De soñar con volar o ser invisible

El otro día estuve viendo una peli en casa: La habitación de Fermat. Está escrita y dirigida por dos personas, siendo una de ellas Luis Piedrahita, que es un tío con un sentido del humor que me ha arrancado unas cuantas carcajadas. Así que de entrada me llamó la atención, aún a sabiendas de que la película en cuestión no era una comedia. La verdad es que mi impresión final es de “peli-de-suspense-entretenida-para-matar-una-noche-de-domingo». Sin más.

Pero bueno, el caso es que yo no quería hablar de la película sino de algo que plantean en ella. En un momento dado, uno de los protagonistas, encarnado por Federico Luppi, expone que los dos sueños más frecuentes del ser humano son dos: volar y ser invisible. Y pregunta al resto de los personajes cuál de las dos cualidades preferirían tener.

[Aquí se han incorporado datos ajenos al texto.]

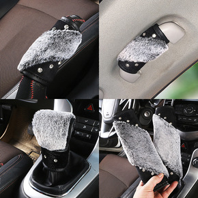 冬季新款汽车排挡套镶钻毛绒手刹套档杆套后视镜套安全...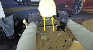 - 将第二排左侧座椅靠背泡沫安装到座椅靠背框架上。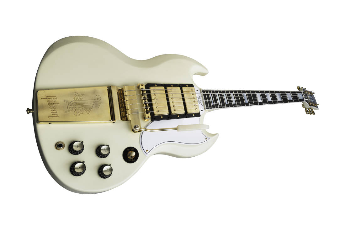 La dernière année de l'appellation "Les Paul" sur la SG Custom fut également la première année de la Maestro Vibrola... 1963. Gibson Custom Shop a fièrement recréé cette version désirable de la SG Custom jusqu'aux méthodes de construction et aux contours originaux. Le résultat est un instrument magnifique, polyvalent et d'une sonorité extraordinaire qui se joue sans effort. La touche en ébène massif et l'électronique de style vintage remaniée lui permettent d'atteindre de nouveaux sommets sonores en termes de clarté et de sustain. Des dimensions aux contours, en passant par les motifs d'incrustation précis et l'expérience sonore, c'est le haut de gamme de la SG à tous égards !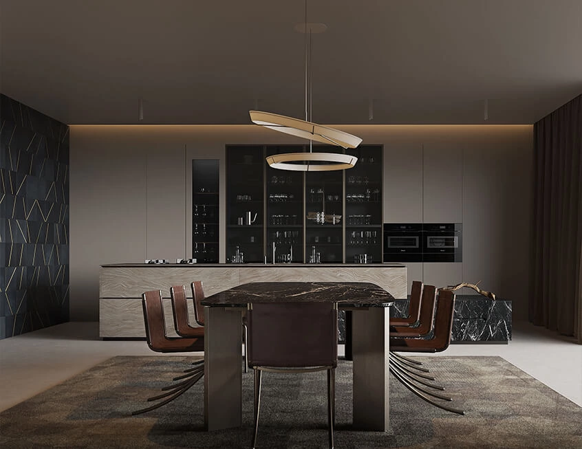 The large island could be the first to impress you in this kitchen. It’s huge and grounded featuring surfaces of two different textures and colors, which anchors the whole space and bridges kitchen cabinetry and diner area. The tall cabinet units integrated glass and matte finishes. It creates a soothing visual flow and gives a powerful modern touch.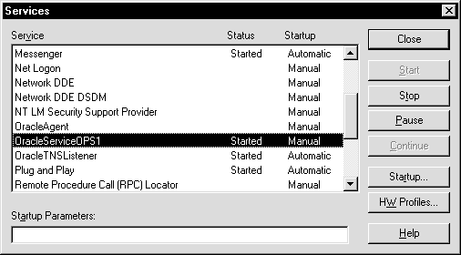 Prior to starting a OracleServiceSID service, the OraclePGMSService service must be running. If you used the CRTSRV script in "Step 4: Create Services", OraclePGMSService automatically starts up when the OracleServiceSID service is started.

Cuando uno de los personajes dice que preferiría ser invisible, le contesta que quien quiere ser invisible es para cometer alguna maldad. Quiero ser invisible para mirar a la vecina mientras se ducha, lo que guarda en la cartera el compañero de trabajo… Porque quien hace algo bien no tiene problemas en ser visto. Bueno, quizás sea así en algunos casos, salvo en el de algún que otro modesto patológico. En ese y en de los superhéroes, que si bien no son todos invisibles, tienen en común el mantener a salvo su verdadera identidad, de modo que nadie pueda saber realmente quién es la persona que está salvando el mundo. (O a los Estados Unidos de América, que viene a ser lo mismo.)

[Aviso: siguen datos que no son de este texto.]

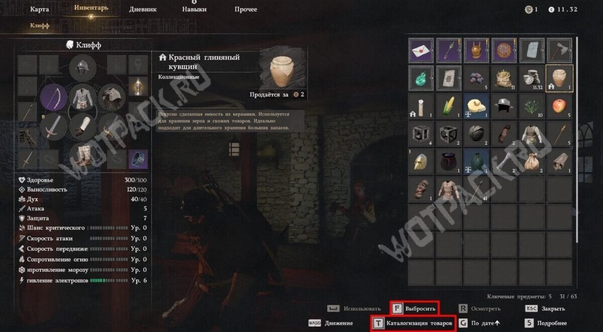 Грамотная сортировка снаряжения и использование дешевых способов его расширения позволит не нуждаться в свободных слотах и собирать все необходимые предметы.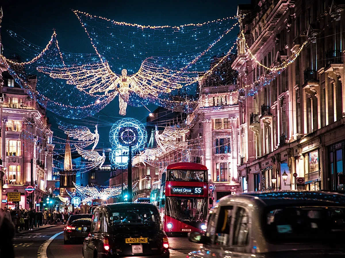 1954년 처음으로 크리스마스 조명을 시작한 리젠트 스트리트의 천사 장식은 런던뿐만 아니라 전 세계에서 가장 유명한 크리스마스 조명이기도 해요. 50개가 넘는 마법의 정령들이 거리를 빛내고 있으니 꼭 방문해 보세요!

Yo de pequeña tenía pesadillas recurrentes. Pero afortunadamente también sueños recurrentes. Y mi sueño recurrente siempre fue volar. ¿Y por qué volar? ¿Qué tiene de bueno? Para mí tenía de bueno la sensación, el cosquilleo en el estómago, la velocidad, el viento, el vértigo, y… rebuscando en el baúl del por qué de los deseos, también el ser capaz de algo fantástico, algo especial, algo que hacía que el resto de los mortales quedaran enmudecidos, y pequeñitos. Y no sólo por el efecto óptico de estar yo arriba.

Pero el volar también tiene una connotación de huida. Volar sería genial, porque el poder desaparecer se convertiría en algo posible en cuestión de segundos. Porque a veces, hay situaciones cuyo desenlace no dependen de uno, y que producen ahogo y asfixia. Y la sensación de que el mundo entero se ríe de uno funcionando como si nada, con ese mecanismo cruel que no se detiene por muy grande que sea el dolor de uno, por muy pequeño que sea ese uno que lo siente. Y uno sólo quiere desaparecer, por no tener que continuar con una rutina a la que se ve obligado, pero que ha perdido todo su sentido.

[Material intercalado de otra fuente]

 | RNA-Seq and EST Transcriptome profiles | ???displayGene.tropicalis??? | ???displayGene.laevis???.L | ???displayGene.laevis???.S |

El caso es que pensando un poco en los por qués y los para qués de estos dos dones imposibles, que según la peli son los más deseados, me queda claro el por qué tan sabiamente nos han sido negados.

Porque es de agradecer que, si queremos hacer daño, no nos den facilidades como ser invisible. (Si sólo se trata de ver a la vecina mientras se ducha, mejor ser honesto e intentar ligarla primero.)

Si en cambio el deseo de ser invisible fuera para hacer el bien, pero por modestia no se necesitan agradecimientos ni honores, siempre queda el ponerse unos calzoncillos (o tanguita) sobre unos pantalones de lycra, una máscara curiosa, e ir por ahí salvando al mundo.

Si el sueño de volar surgiera por la necesidad de sentir velocidad y vértigo, existe el puenting, si es por ver el mundo desde arriba, el Google Earth. Pero si es por una necesidad de hacer algo que deje al resto de la humanidad admirada, siempre se puede conseguir por méritos propios. Que eso a nadie se le ha negado. Y si es por desaparecer… pudiendo desaparecer cuando el dolor ahoga, nunca se sabría que uno puede ser más grande todavía que el dolor. Porque para eso, hay que enfrentarse a él. Y creo que el quedarse sin ese saber, es mucho peor que el no poder ser invisible, o el no saber volar.